Note that this code only executes a single outer step of the reduction. One would need to take the output array and feed it through this code until a single value is left. This was left out since it is mostly host code and not of particular interest for the rest of the work. It should be noted, however, that all code timings in the following were done for the full reduction.

#### 2.4 Conclusion

This concludes the introduction to CUDA and tree reduction algorithms. From now on this work focuses on modifying the kernel to optimize it as much as possible. It should be noted, that a lot of optimization has been done already. For example, using the explicitly declared shared memory instead of DRAM or the implementation of the block structure already offer a great speedup compared to other algorithms one could come up with. Now, the main goal is to dive deeper into the hardware structure and achieve speedups by fixing problems like warp divergence and memory bank conflicts, which will be explained in full detail. Some algorithmic improvements will also be done and in the end all the optimizations will be benchmarked on several hardware systems.

### Chapter 3

### **Optimizations**

In this chapter various optimizations of the reduction kernel will be presented and discussed analogously to the talk by the author of [Har]. A reduction usually (at least in the case of addition) needs very few arithmetic operations and is, therefore, bottlenecked by memory access speed. This means that a good measure for performance is the achieved memory bandwidth rather than floating point operations per second. Especially, if one achieves bandwidths close to the maximum of the GPU, one can consider the kernel to be optimal. The bandwidth can be calculated using the formula

$$bandwidth = \frac{input array size in bytes}{execution time}.$$
 (3.1)

The execution is defined as only the reduction and not the copying of the data to the GPU, which is reasonable, since for most use-cases the data would already be present in the GPU memory.

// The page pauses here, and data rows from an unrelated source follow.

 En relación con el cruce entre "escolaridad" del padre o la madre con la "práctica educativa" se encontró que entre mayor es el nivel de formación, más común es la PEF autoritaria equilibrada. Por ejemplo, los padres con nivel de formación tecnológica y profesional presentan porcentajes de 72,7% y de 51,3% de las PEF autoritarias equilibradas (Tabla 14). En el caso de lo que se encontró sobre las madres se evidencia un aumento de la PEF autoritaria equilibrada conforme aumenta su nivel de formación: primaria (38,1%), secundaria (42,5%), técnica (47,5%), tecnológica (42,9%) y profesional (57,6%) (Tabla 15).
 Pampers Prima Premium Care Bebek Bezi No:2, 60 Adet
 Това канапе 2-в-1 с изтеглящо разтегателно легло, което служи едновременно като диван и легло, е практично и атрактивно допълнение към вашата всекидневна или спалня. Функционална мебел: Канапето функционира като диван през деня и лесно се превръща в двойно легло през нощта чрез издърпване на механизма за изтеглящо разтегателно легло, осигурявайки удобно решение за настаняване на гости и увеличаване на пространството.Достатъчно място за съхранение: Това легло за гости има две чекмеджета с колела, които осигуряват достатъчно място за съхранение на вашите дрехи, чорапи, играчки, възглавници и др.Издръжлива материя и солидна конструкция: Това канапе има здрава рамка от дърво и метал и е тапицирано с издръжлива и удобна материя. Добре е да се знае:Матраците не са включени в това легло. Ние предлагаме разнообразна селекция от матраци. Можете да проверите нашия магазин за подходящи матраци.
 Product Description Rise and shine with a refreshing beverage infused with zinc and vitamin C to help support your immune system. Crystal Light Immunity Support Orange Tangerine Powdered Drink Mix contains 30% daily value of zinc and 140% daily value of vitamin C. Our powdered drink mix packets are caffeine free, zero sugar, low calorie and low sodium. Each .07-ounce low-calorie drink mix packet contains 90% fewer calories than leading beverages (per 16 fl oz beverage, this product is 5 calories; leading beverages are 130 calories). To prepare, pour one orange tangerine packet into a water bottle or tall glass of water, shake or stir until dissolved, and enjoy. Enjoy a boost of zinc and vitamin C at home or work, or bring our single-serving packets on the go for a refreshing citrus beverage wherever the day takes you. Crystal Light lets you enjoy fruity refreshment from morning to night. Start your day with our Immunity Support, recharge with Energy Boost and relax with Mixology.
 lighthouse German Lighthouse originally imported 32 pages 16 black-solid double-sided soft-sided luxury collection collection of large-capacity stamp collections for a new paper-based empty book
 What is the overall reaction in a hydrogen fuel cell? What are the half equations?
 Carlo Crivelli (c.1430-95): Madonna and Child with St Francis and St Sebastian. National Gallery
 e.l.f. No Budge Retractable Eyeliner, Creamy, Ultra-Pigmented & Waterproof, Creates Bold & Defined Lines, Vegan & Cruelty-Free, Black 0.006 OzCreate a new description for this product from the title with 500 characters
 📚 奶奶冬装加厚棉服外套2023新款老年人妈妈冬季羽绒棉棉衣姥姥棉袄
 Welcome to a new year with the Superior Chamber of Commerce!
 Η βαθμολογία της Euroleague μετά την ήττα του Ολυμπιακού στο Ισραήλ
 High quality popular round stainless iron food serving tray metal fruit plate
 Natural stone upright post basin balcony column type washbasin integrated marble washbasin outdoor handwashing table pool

All achieved bandwidths shown in this chapter will be done on a Nvidia GeForce RTX 3070 (max. bandwidth: 448 GB/s, CUDA version: 11.5) with an input array of  $2^{28}(1.3\cdot10^8)$  32-bit integers. This is a relatively new GPU (released Q4 2020). The GPU and the software that comes with it already have optimizations implemented that might mess with the results. To this end, data from a Nvidia G80 (max. bandwidth: 86.4 GB/s, CUDA version: 1.1) is provided as well published by [Har]. All measurements are done 1000 times to estimate the statistical error on the results. The results are presented merely to give a first impression on the effectiveness of the various changes on the kernel. In the last chapter, the performance will be investigated more closely and on several different GPUs.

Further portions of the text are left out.